The Pound to Dollar exchange rate briefly rose above 1.28 but has since lost those gains, influenced by the Federal Reserve's decisions. The exchange rate climbed on Wednesday after U.S. inflation figures came in below expectations, reaching 1.2859, its highest since March 11. News of flat inflation in May led the market to anticipate two Federal Reserve rate cuts in 2024, starting in September, weakening the Dollar.
However, the Dollar rebounded when new Federal Reserve forecasts contradicted market expectations, indicating only one rate cut in 2024. The focus has been on projections from each member of the Federal Reserve Open Market Committee (FOMC) regarding future interest rates: in March, the median forecast was for three rate cuts this year; by June, it had decreased to just one. This 'hawkish' shift supports the Dollar, though given the softer inflation numbers, it's uncertain if the FOMC can adopt an even more 'hawkish' stance. For the USD to strengthen significantly, the Fed would need to shift from forecasting one cut in 2024 to none.
U.S. economic data has been mixed, with some strong and some disappointing readings creating a contradictory picture.

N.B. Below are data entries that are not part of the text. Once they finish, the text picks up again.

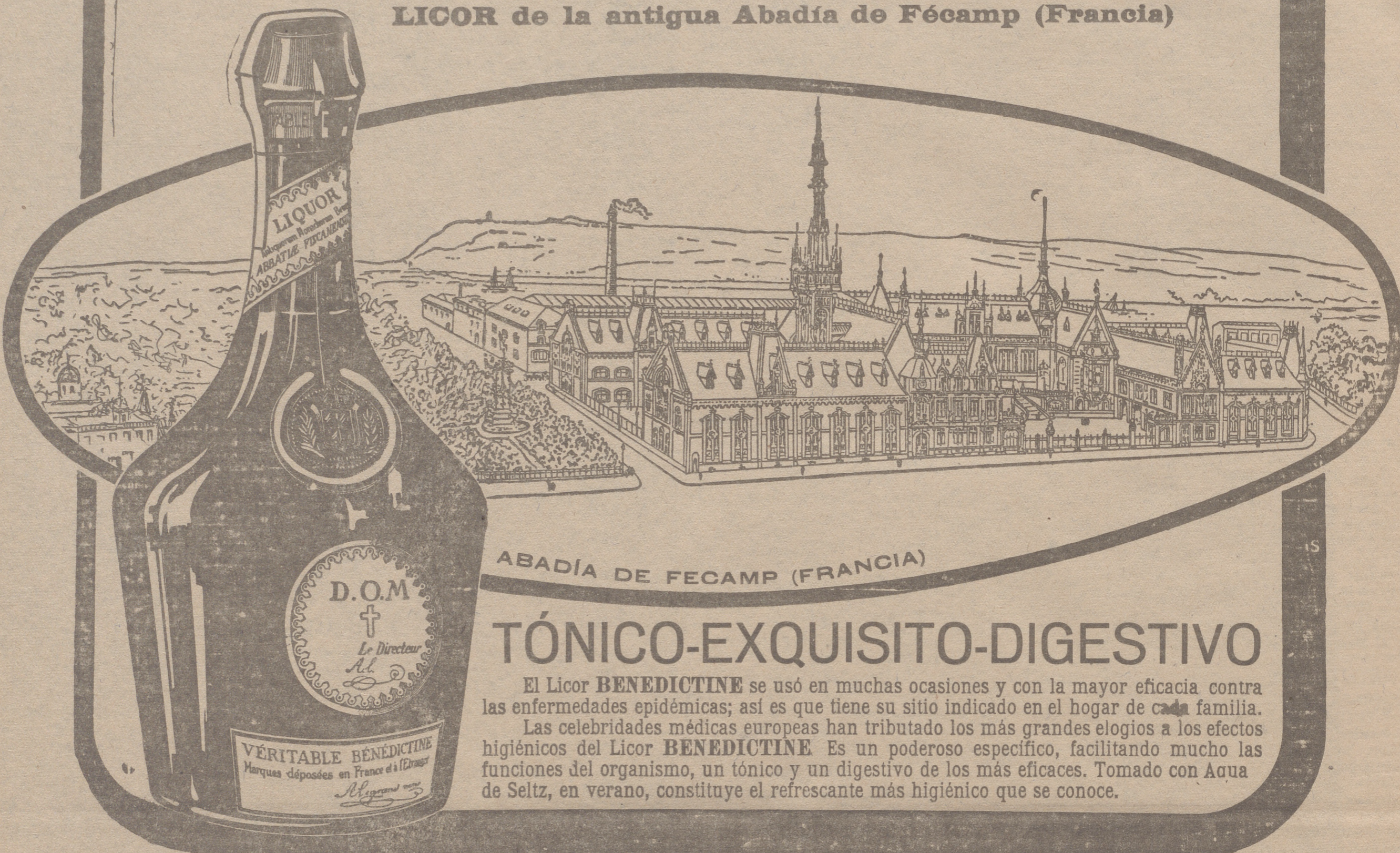
ABADÍA DE FECAMP (FRANCIA)

LICOR de la antigua Abadía de Fécamp (Francia)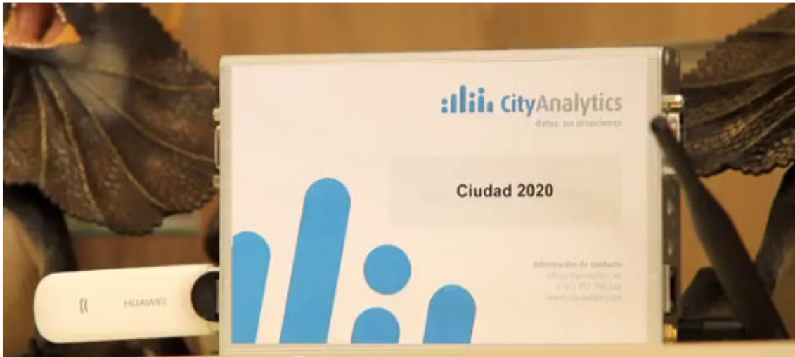
Fig. 2: Dispositivo Intelify con el modem USB para conexión 3G conectado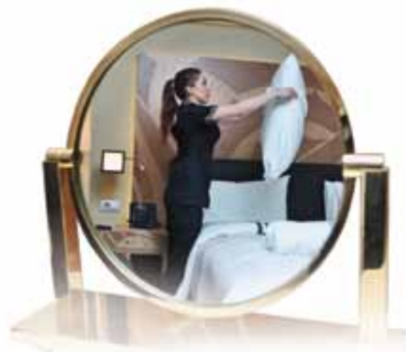
Горничная прибирает номер в отеле. Санкт-Петербург

Некоторые традиционные для России виды туризма являются уникальными в мире, а инновационное развитие российского туризма удовлетворяет потребности в новом знании и новом опыте.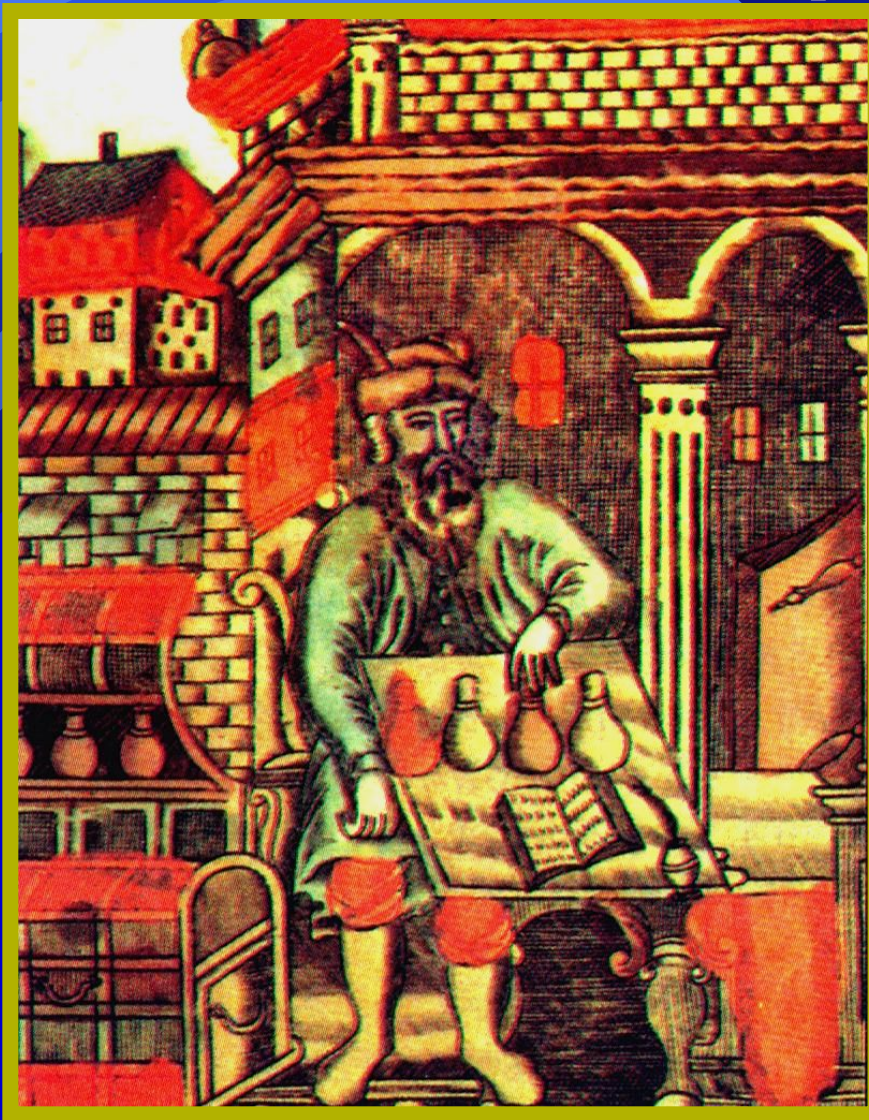
Купец, считающий деньги. Миниатюра 17 в.

Внешняя торговля шла через Архангельск и Астрахань. В сер. XVII в., защищая интересы русских купцов, правительство выслало из страны английских торговцев. В 1653 г. был принят Таможенный устав, ликвидировавший мелкие таможенные пошлины внутри страны.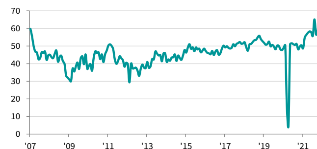
Indice PMI della Produzione Edile Totale in Italia destagionalizzato, >50 = miglioramento rispetto al mese scorso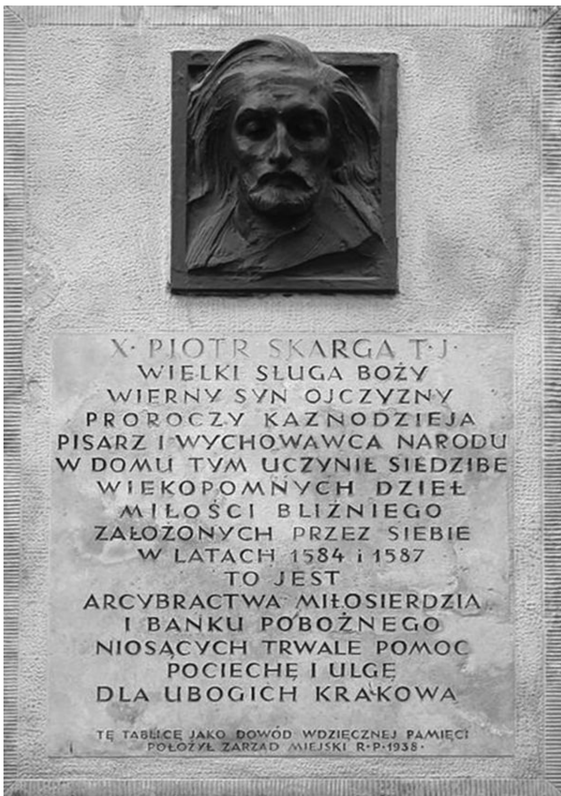
Мемориальная доска в честь Петра Скарги, установленная в Кракове городским управлением в 1936 году

Чем дальше полковник Замчинский описывал неосуществившиеся возможности Речи Посполитой, тем мне становилось приятнее от того, что я сам по матери принадлежал роду, происходившему от римско-католического пробста из Клаузена в Тироле и давшему нескольких своих ярких представителей Обществу Иисуса – каноников, теологов и даже профессов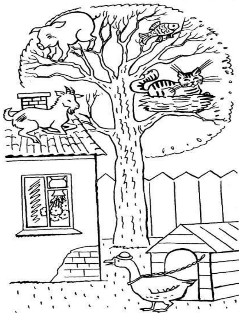
Рисунок к методике «Нелепицы»

«Внимательно посмотри на эту картинку и скажи, все ли здесь находится на своем месте и правильно нарисовано. Если что-нибудь тебе покажется не так, не на месте или неправильно нарисовано, то укажи на это и объясни, почему это не так. Далее ты должен будешь сказать, как на самом деле должно быть».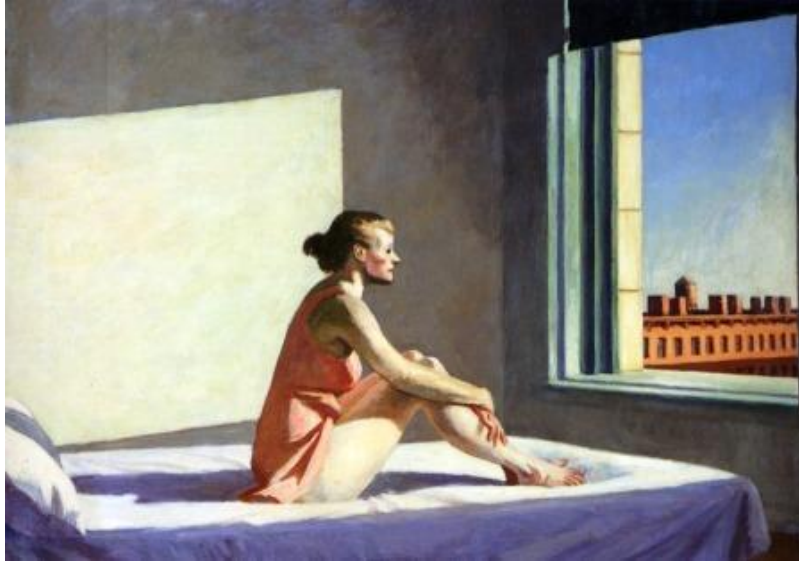
Figura 1. Sol de la Mañana. (Hopper, 1952).

However, Wednesday's inflation report is crucial as it suggests the disinflationary process is back on track after stalling earlier in the year. Core CPI prices rose 0.2% month-on-month in May, slightly below consensus and the April report, indicating mild price pressures for the second consecutive month. If the market grows increasingly confident of a September rate cut in the coming weeks, expect the Pound-Dollar exchange rate to break above the 1.28 ceiling.